(Dataset entries Opens)

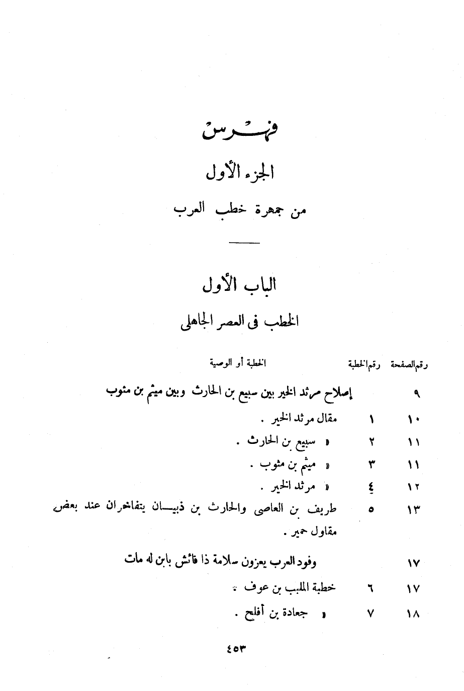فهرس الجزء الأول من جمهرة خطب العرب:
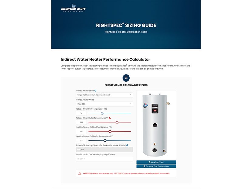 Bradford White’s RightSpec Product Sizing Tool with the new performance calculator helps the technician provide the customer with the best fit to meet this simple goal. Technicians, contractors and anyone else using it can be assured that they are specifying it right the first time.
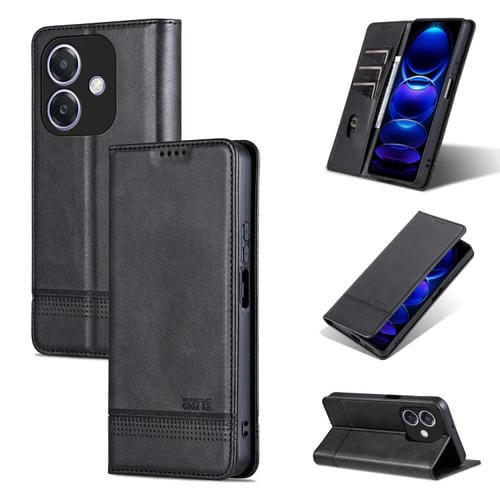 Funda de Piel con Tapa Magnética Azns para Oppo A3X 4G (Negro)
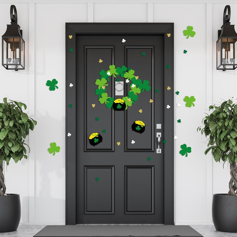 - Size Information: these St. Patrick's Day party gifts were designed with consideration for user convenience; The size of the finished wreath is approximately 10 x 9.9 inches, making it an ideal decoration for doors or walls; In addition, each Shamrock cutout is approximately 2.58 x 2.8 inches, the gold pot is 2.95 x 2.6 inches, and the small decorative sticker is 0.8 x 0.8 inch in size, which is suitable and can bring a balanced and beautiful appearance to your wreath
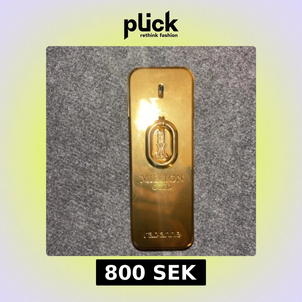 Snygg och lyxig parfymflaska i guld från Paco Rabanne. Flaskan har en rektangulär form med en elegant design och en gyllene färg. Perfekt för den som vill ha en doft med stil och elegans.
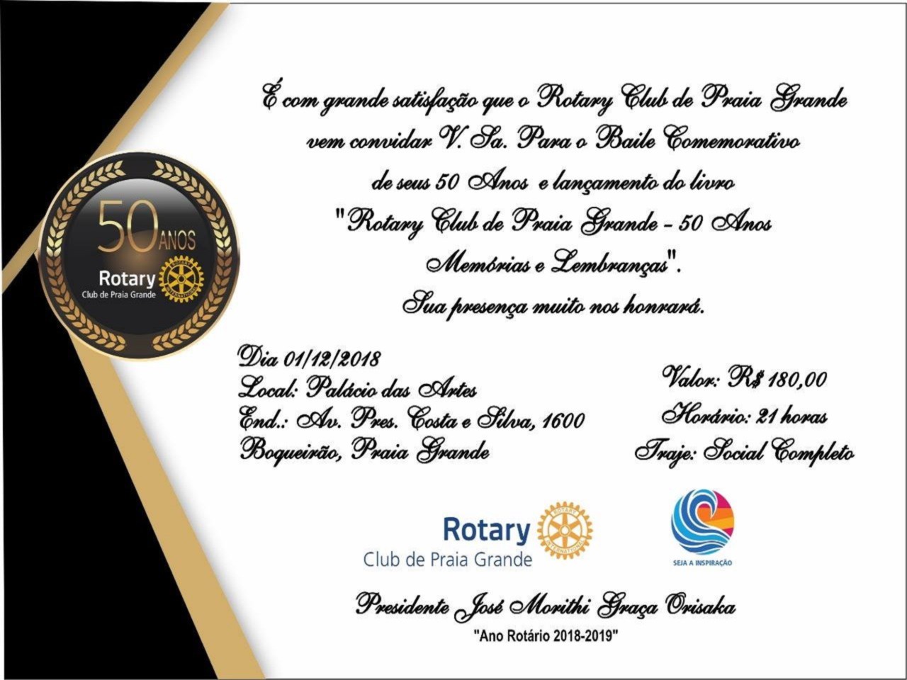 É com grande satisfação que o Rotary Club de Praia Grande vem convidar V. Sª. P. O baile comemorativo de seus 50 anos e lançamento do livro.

(Dataset entries Closes)
(Dataset entries Opens)

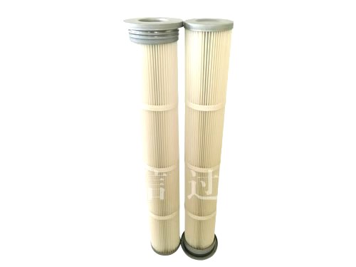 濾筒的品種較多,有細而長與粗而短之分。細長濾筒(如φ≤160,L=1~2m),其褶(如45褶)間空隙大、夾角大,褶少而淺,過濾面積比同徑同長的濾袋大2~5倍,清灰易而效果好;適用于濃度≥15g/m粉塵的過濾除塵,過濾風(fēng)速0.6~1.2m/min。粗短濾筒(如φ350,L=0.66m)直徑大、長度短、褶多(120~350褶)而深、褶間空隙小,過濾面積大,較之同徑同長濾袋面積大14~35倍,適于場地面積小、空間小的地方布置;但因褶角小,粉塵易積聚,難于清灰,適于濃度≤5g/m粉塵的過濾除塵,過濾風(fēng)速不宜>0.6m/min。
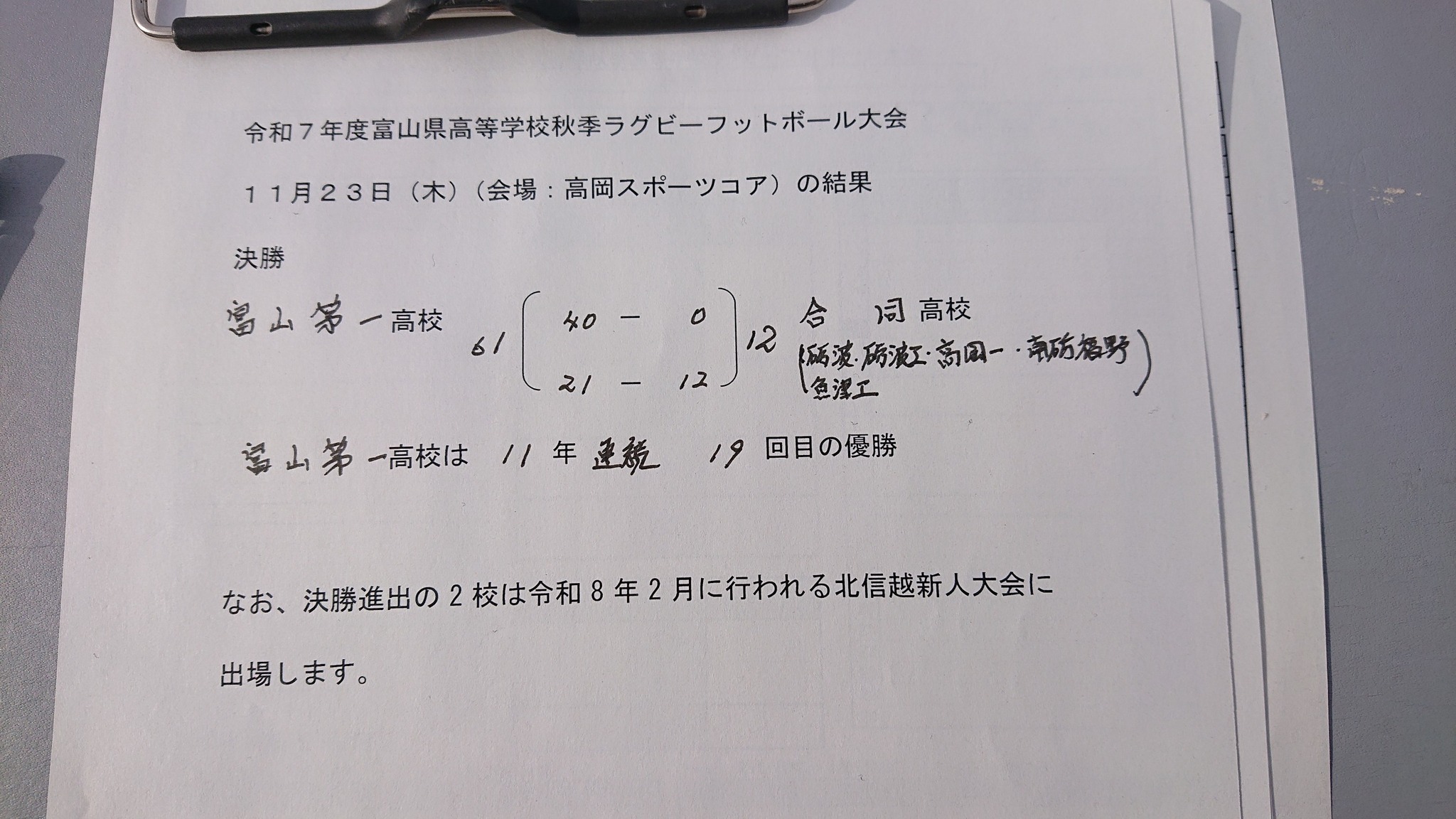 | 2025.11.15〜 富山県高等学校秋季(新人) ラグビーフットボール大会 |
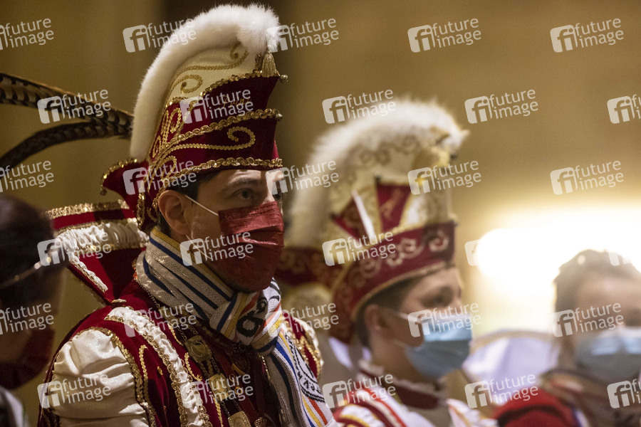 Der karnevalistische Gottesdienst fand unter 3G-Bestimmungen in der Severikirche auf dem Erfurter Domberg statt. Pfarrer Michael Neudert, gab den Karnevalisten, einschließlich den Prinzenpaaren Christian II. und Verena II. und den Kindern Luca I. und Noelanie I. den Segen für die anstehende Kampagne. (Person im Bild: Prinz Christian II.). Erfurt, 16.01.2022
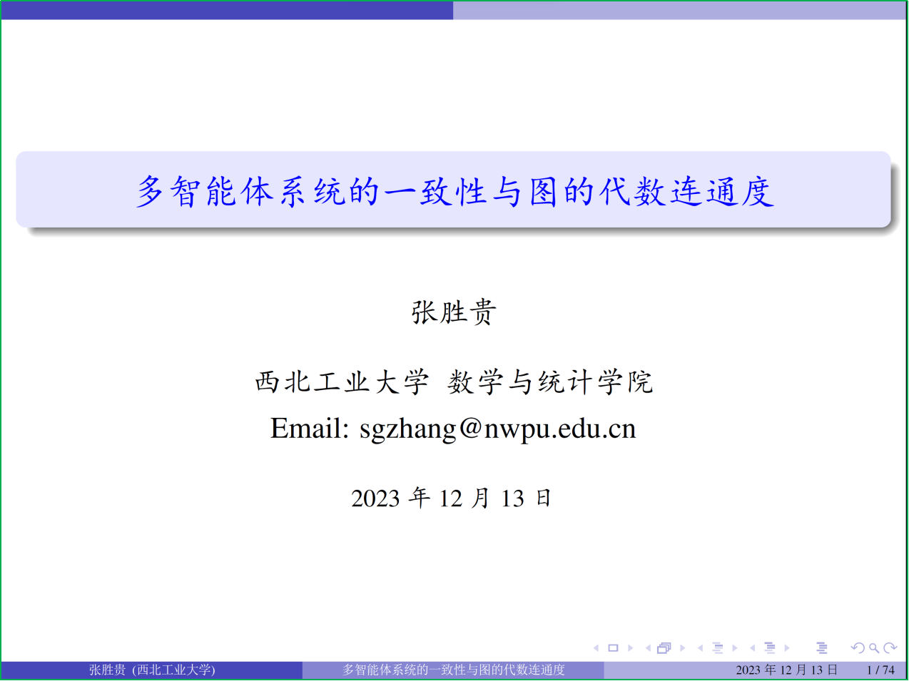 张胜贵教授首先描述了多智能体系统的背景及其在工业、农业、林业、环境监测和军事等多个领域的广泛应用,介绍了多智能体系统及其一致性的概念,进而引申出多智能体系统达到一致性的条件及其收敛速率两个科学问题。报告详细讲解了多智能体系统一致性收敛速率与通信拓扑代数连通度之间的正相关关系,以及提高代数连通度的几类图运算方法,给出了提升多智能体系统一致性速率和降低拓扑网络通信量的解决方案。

(Dataset entries Closes)

Only one stretch of the data is wanted: write out exactly the lines from the one holding "Funda de Piel" through the one holding "É com grande", both included, without the pictures.

 Funda de Piel con Tapa Magnética Azns para Oppo A3X 4G (Negro)
 - Size Information: these St. Patrick's Day party gifts were designed with consideration for user convenience; The size of the finished wreath is approximately 10 x 9.9 inches, making it an ideal decoration for doors or walls; In addition, each Shamrock cutout is approximately 2.58 x 2.8 inches, the gold pot is 2.95 x 2.6 inches, and the small decorative sticker is 0.8 x 0.8 inch in size, which is suitable and can bring a balanced and beautiful appearance to your wreath
 Snygg och lyxig parfymflaska i guld från Paco Rabanne. Flaskan har en rektangulär form med en elegant design och en gyllene färg. Perfekt för den som vill ha en doft med stil och elegans.
 É com grande satisfação que o Rotary Club de Praia Grande vem convidar V. Sª. P. O baile comemorativo de seus 50 anos e lançamento do livro.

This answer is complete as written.